> [Exercise]: Here the job is to print all of the entries below verbatim and leave out any picture.

(Data excerpts)

+ + + + +

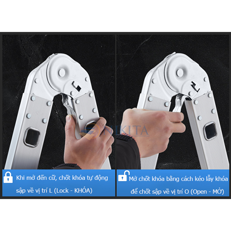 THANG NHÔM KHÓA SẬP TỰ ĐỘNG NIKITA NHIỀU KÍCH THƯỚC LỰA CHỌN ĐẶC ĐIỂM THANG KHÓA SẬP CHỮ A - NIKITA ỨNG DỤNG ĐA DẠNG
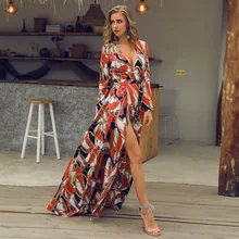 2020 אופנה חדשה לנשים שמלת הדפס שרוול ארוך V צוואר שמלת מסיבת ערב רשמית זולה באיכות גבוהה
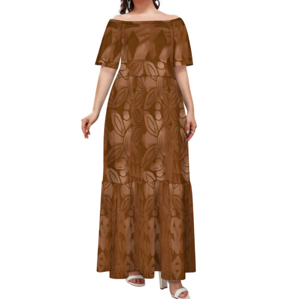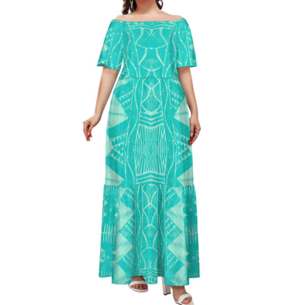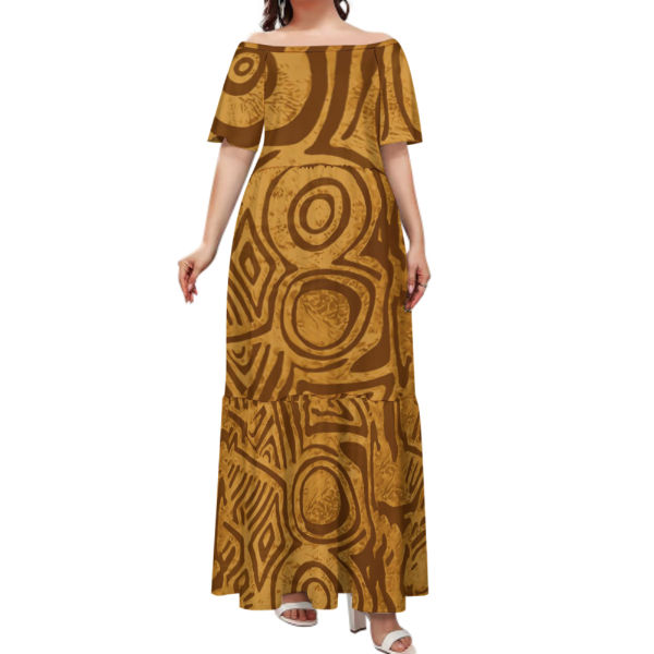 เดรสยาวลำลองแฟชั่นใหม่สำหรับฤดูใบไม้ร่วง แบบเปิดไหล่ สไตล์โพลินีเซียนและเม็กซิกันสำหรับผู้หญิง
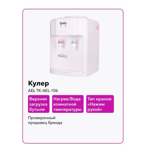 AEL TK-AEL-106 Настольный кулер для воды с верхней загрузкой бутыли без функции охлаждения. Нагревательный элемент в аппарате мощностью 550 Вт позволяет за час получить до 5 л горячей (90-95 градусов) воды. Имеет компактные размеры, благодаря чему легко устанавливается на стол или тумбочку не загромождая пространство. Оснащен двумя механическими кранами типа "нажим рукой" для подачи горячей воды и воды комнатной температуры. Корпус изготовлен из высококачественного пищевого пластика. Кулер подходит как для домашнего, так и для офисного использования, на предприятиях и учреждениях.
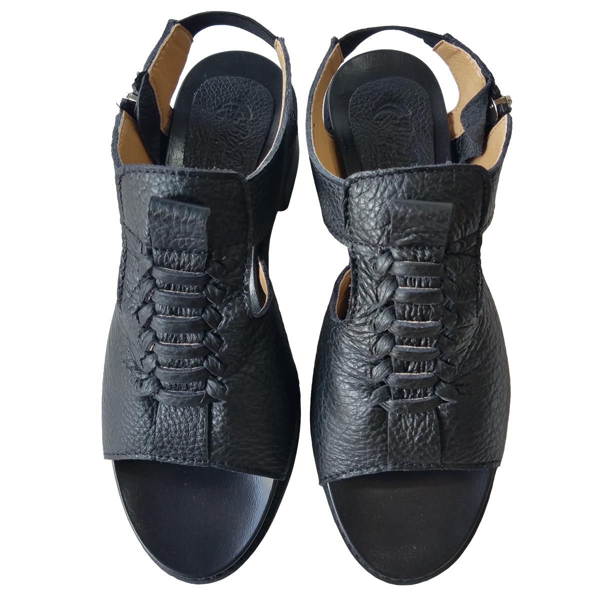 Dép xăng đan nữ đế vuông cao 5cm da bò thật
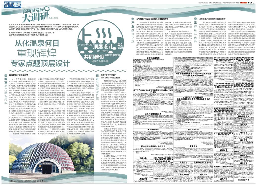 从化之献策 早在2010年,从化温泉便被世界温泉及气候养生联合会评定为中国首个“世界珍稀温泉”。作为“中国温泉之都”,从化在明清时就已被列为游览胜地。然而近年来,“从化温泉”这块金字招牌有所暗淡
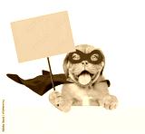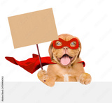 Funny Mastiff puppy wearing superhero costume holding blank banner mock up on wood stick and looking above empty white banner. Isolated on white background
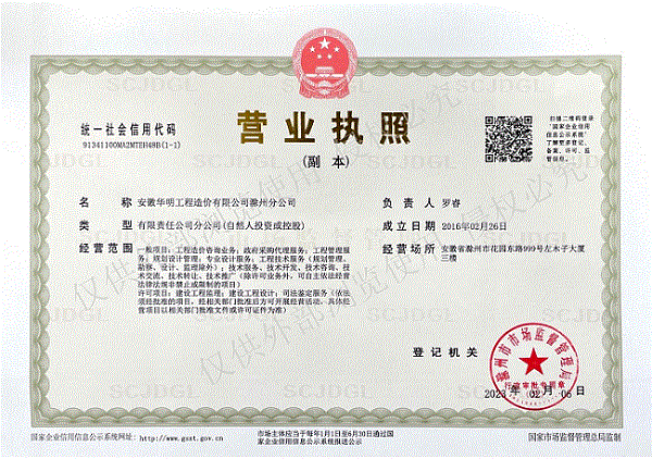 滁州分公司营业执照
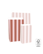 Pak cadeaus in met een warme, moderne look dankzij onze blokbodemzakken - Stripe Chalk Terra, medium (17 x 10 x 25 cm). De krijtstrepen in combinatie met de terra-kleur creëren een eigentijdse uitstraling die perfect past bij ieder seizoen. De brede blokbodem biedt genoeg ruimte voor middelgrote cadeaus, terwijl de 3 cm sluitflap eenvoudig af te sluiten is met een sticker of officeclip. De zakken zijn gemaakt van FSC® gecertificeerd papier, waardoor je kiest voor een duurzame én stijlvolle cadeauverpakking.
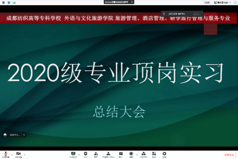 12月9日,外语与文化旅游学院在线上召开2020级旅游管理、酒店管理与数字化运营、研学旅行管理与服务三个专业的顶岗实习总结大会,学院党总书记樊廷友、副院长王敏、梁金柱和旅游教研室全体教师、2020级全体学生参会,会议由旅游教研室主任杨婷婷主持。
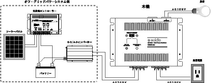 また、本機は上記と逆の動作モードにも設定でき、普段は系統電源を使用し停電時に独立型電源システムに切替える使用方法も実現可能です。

+ + + + +

> [Exercise output]:
 THANG NHÔM KHÓA SẬP TỰ ĐỘNG NIKITA NHIỀU KÍCH THƯỚC LỰA CHỌN ĐẶC ĐIỂM THANG KHÓA SẬP CHỮ A - NIKITA ỨNG DỤNG ĐA DẠNG
 2020 אופנה חדשה לנשים שמלת הדפס שרוול ארוך V צוואר שמלת מסיבת ערב רשמית זולה באיכות גבוהה
 เดรสยาวลำลองแฟชั่นใหม่สำหรับฤดูใบไม้ร่วง แบบเปิดไหล่ สไตล์โพลินีเซียนและเม็กซิกันสำหรับผู้หญิง
 AEL TK-AEL-106 Настольный кулер для воды с верхней загрузкой бутыли без функции охлаждения. Нагревательный элемент в аппарате мощностью 550 Вт позволяет за час получить до 5 л горячей (90-95 градусов) воды. Имеет компактные размеры, благодаря чему легко устанавливается на стол или тумбочку не загромождая пространство. Оснащен двумя механическими кранами типа "нажим рукой" для подачи горячей воды и воды комнатной температуры. Корпус изготовлен из высококачественного пищевого пластика. Кулер подходит как для домашнего, так и для офисного использования, на предприятиях и учреждениях.
 Dép xăng đan nữ đế vuông cao 5cm da bò thật
 从化之献策 早在2010年,从化温泉便被世界温泉及气候养生联合会评定为中国首个“世界珍稀温泉”。作为“中国温泉之都”,从化在明清时就已被列为游览胜地。然而近年来,“从化温泉”这块金字招牌有所暗淡
 Funny Mastiff puppy wearing superhero costume holding blank banner mock up on wood stick and looking above empty white banner. Isolated on white background
 滁州分公司营业执照
 Pak cadeaus in met een warme, moderne look dankzij onze blokbodemzakken - Stripe Chalk Terra, medium (17 x 10 x 25 cm). De krijtstrepen in combinatie met de terra-kleur creëren een eigentijdse uitstraling die perfect past bij ieder seizoen. De brede blokbodem biedt genoeg ruimte voor middelgrote cadeaus, terwijl de 3 cm sluitflap eenvoudig af te sluiten is met een sticker of officeclip. De zakken zijn gemaakt van FSC® gecertificeerd papier, waardoor je kiest voor een duurzame én stijlvolle cadeauverpakking.
 12月9日,外语与文化旅游学院在线上召开2020级旅游管理、酒店管理与数字化运营、研学旅行管理与服务三个专业的顶岗实习总结大会,学院党总书记樊廷友、副院长王敏、梁金柱和旅游教研室全体教师、2020级全体学生参会,会议由旅游教研室主任杨婷婷主持。
 また、本機は上記と逆の動作モードにも設定でき、普段は系統電源を使用し停電時に独立型電源システムに切替える使用方法も実現可能です。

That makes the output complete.